You’ve portrayed other famous women—Martha Stewart and Liza Minnelli. What sparked your interest in Jackie?
Obama’s acceptance speech at Grant Park in Chicago. Looking at that park where the 1968 Democratic Convention happened—many people are too young to remember it, but I do—it was very violent. Afterward, the land was considered to be bad, tainted. Then Obama came out and started speaking, and its history changed. I was moved by that idea of transformation. I started thinking about all the pain in America’s history, how we’re defined by certain images and our emotional relationship to them. Jackie’s legacy is indicative of that. Since it’s supposed to be a lecture, my performance is emotional, but my body is covered. It’s more of a psychological exposure, a metaphor for the way we look at national narratives.
You were set to open last fall but delayed due to a venue’s sudden closure. Has the lapse of time led to script changes?
I’ll definitely talk about the end of the Kennedy era, now that Teddy’s seat was won by a Republican. And I want to include what happened in Haiti somehow. I’m working on that now.
You put the Zapruder film [of Kennedy’s shooting] in the context of today’s era of YouTube. Since practically anyone can capture a historic moment, do you think that affects the way we live?
Absolutely. Photos and video are very deep psychological tools. When we look at images of trauma over and over again, they become neutralized. We use them as vehicles of transference. In the piece, I show the Zapruder film and I also show the website of the Texas School Book Depository, where Oswald allegedly shot JFK. It’s been turned into a museum where you can buy collectibles like a model of the car JFK was riding in. The tragedy’s been fetishized. It’s like what’s going to happen to the 9/11 museum. It’s going to be a shopping day!
It’s been two decades since the “NEA Four”: losing grants due to “decency” concerns. Are you still defined by that scandal, the way Jackie was defined by her tragedy?
No. My experience is very unique.

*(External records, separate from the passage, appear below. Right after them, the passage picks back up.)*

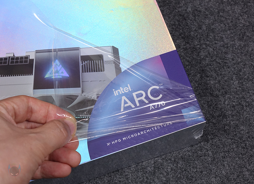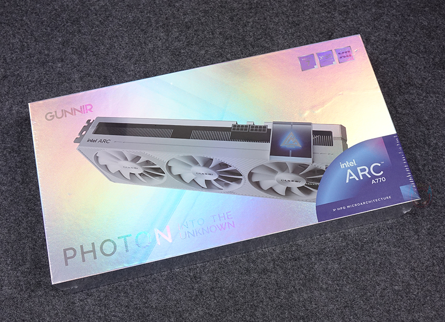 제품 패키지부터 살펴보면, 박스까지 밀봉처리된 상태로 소비자입장에선 이런 포장처리가 판매제품에 좀 더 신뢰를 가질 수 있죠. 또한, GUNNIR에서 최상급 모델인만큼 박스 디자인에도 나름 신경을 많이 썼는데, 홀로그램 효과로 배경색을 적용하면서 전면에 제품 이미지를 담고 있습니다. 뒤에서 다시 언급하겠지만, Photon 모델 같은 경우 기본 2가지 색상으로 출시가 되었으며, 제품 색상에 맞춰서 박스 디자인이 적용되었고, 리뷰에선 제품 이미지를 통해 화이트색상임을 미리 알 수 있죠. 참고로, 화이트색상 같은 경우 경쟁사들보다 심플한 느낌을 잘 살려서 출시 때부터 디자인에서는 주목을 받았습니다. 그리고, PHOTON 모델명과 함께 인텔 아크 A770 Xe HPG 아키덱처 표기와 이에 따른 게임 업스케일링 기술 Xe 슈퍼 샘플링(XeSS, Xe Super Sampling), 다이렉트X 12 얼티메이트(DirectX 12 Ultimate) 기술 지원표기를 추가로 확인할 수 있습니다.
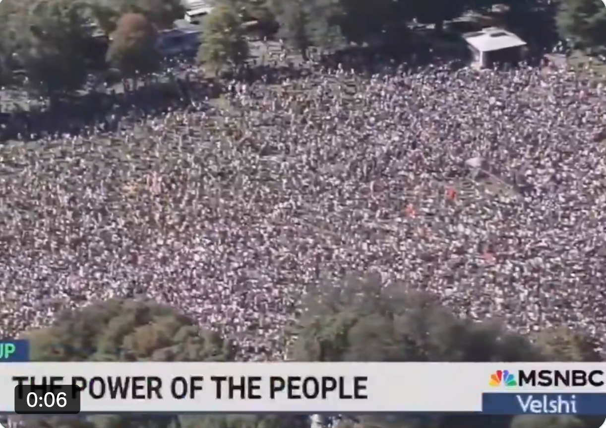 1. Captura de pantalla del video de MSNBC Boston de la protesta del 18 de octubre de 2025. Pueden verlo aquí.
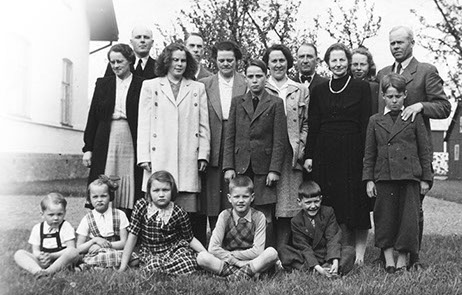 och folkskollärare Erik Espling, Svalöv (Reijos fosterföräldrar) Astrid Larsson (med vitt halsband) bakom henne dottern Ingrid, bredvid agronom Axel Larsson, Svalövsgården samt framför honom sonen Göran (Raimos fosterföräldrar). SISARUKSET ASTIKAINEN
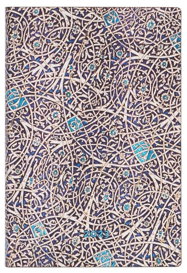 Kalendarz 2023 ekskluzywnej marki Paperblanks. Seria flexi - elastyczna oprawa i grzbiet. Format mini typu horizontal - cały tydzień rozplanowany jest na 2 stronach. Kalendarium w języku angielskim. W środku miejsce na notatki, roczny planer, oznaczone wybrane święta międzynarodowe, mini kalendarium, międzynarodowe numery telefonów, strefy czasowe, dodatkowe informacje, mini skorowidz na adresy i telefony. Wymiary 95x140 mm, 176 stron. Kalendarz posiada 2 satynowe wstążki jako zakładki. Na końcu na wewnętrznej stronie okładki jest koperta na drobne notatki czy paragony. Papier ekologiczny, bezkwasowy, gramatura 100. Czarno biały, nakrapiany turkusami wzór na okładce pochodzi z kolekcji zdjęć fotografa Gerarda Degeorge'a i najprawdopodobniej jest przykładem architektonicznej sztuki islamskiej w Grenadzie.
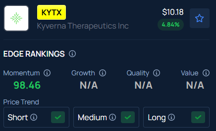 With a strong Momentum in the 98th percentile, Benzinga’s Edge Stock Rankings indicate that KYTX has a positive price trend across all time frames.
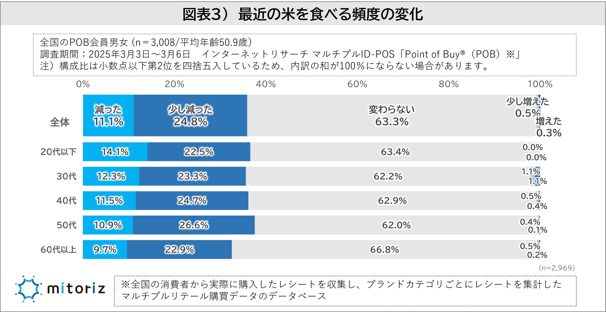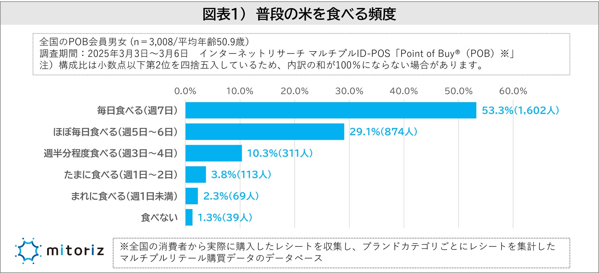 株式会社mitoriz(本社:東京都港区、代表取締役社長:木名瀬博)は、消費者購買行動データサービス「Point of Buy®(以下、POB)」の会員3,008人に「米に関する調査」を実施致しました。
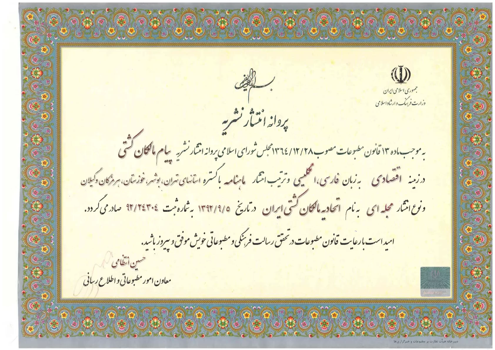 افزایش اعتبار پرچم ایران: تلاش برای ارتقاء وضعیت ناوگان و افزایش اعتبار پرچم رسمی کشور.
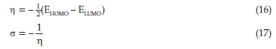 The global hardness (η) measures the resistance of an atom to charge transfer. In contrast, the global softness (σ) describes the capacity of an atom or group of atoms to receive electrons. The expressions for η and σ are given as follows:

Afterward, I didn’t have the same institutional access, so I had to make big changes in my career path. That was actually a very spiritual moment, coming to terms with that. I think our culture is very interested in looking back at these kinds of what-if situations. We want to put them on a grid. We want life to be like Lost: Look, there’s the hatch! One of my favorite lines in my show is, “Your comparing is my way of coping.” We’re always comparing everything, trying to go back to the past. The fact that I still get asked about the yams [which she famously smeared against her butt]...I guess I’ve become my own phenomenon, and for some people, I can never quite satisfy that expectation of the past. They have this desire to return to 1988 or 1990, and I can’t do that. [Laughs]
Do you think artists are being treated better these days?
Artists are still looked at as enemies of the state. Look at what happened to Steve Kurtz a couple of years ago. We need a real national endowment of the arts, true governmental support of artists, but all the money went to the banks.
The Jackie Look is playing at the Laurie Beechman Theatre.